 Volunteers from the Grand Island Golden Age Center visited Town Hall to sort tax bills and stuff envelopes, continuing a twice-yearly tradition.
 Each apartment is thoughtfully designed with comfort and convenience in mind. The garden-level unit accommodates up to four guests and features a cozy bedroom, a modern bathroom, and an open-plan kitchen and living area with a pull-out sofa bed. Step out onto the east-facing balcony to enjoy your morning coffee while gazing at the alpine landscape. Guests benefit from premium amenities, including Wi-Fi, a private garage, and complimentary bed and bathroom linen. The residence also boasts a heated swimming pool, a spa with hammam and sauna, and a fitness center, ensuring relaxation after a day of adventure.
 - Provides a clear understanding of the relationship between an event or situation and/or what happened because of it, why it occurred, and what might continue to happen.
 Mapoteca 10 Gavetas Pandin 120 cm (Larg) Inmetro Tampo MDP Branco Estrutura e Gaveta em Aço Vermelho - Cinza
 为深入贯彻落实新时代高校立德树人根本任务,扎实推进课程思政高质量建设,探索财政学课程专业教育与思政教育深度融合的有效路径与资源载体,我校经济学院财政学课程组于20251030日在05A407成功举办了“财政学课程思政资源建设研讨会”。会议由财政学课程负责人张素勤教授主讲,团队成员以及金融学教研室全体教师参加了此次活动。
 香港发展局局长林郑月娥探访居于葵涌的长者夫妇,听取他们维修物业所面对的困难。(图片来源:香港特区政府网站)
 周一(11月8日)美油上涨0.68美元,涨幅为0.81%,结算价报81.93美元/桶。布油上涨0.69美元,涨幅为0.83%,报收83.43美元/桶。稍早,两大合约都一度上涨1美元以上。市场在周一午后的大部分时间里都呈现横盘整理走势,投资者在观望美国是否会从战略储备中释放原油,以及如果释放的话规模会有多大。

....

§ WORK REQUEST:
In the listing above, find the line with "Each apartment is" and the line with "香港发展局局长林郑月娥探访居"; set down exactly those two lines and every line between them, nothing more.

§ TASK SOLUTION:
 Each apartment is thoughtfully designed with comfort and convenience in mind. The garden-level unit accommodates up to four guests and features a cozy bedroom, a modern bathroom, and an open-plan kitchen and living area with a pull-out sofa bed. Step out onto the east-facing balcony to enjoy your morning coffee while gazing at the alpine landscape. Guests benefit from premium amenities, including Wi-Fi, a private garage, and complimentary bed and bathroom linen. The residence also boasts a heated swimming pool, a spa with hammam and sauna, and a fitness center, ensuring relaxation after a day of adventure.
 - Provides a clear understanding of the relationship between an event or situation and/or what happened because of it, why it occurred, and what might continue to happen.
 Mapoteca 10 Gavetas Pandin 120 cm (Larg) Inmetro Tampo MDP Branco Estrutura e Gaveta em Aço Vermelho - Cinza
 为深入贯彻落实新时代高校立德树人根本任务,扎实推进课程思政高质量建设,探索财政学课程专业教育与思政教育深度融合的有效路径与资源载体,我校经济学院财政学课程组于20251030日在05A407成功举办了“财政学课程思政资源建设研讨会”。会议由财政学课程负责人张素勤教授主讲,团队成员以及金融学教研室全体教师参加了此次活动。
 香港发展局局长林郑月娥探访居于葵涌的长者夫妇,听取他们维修物业所面对的困难。(图片来源:香港特区政府网站)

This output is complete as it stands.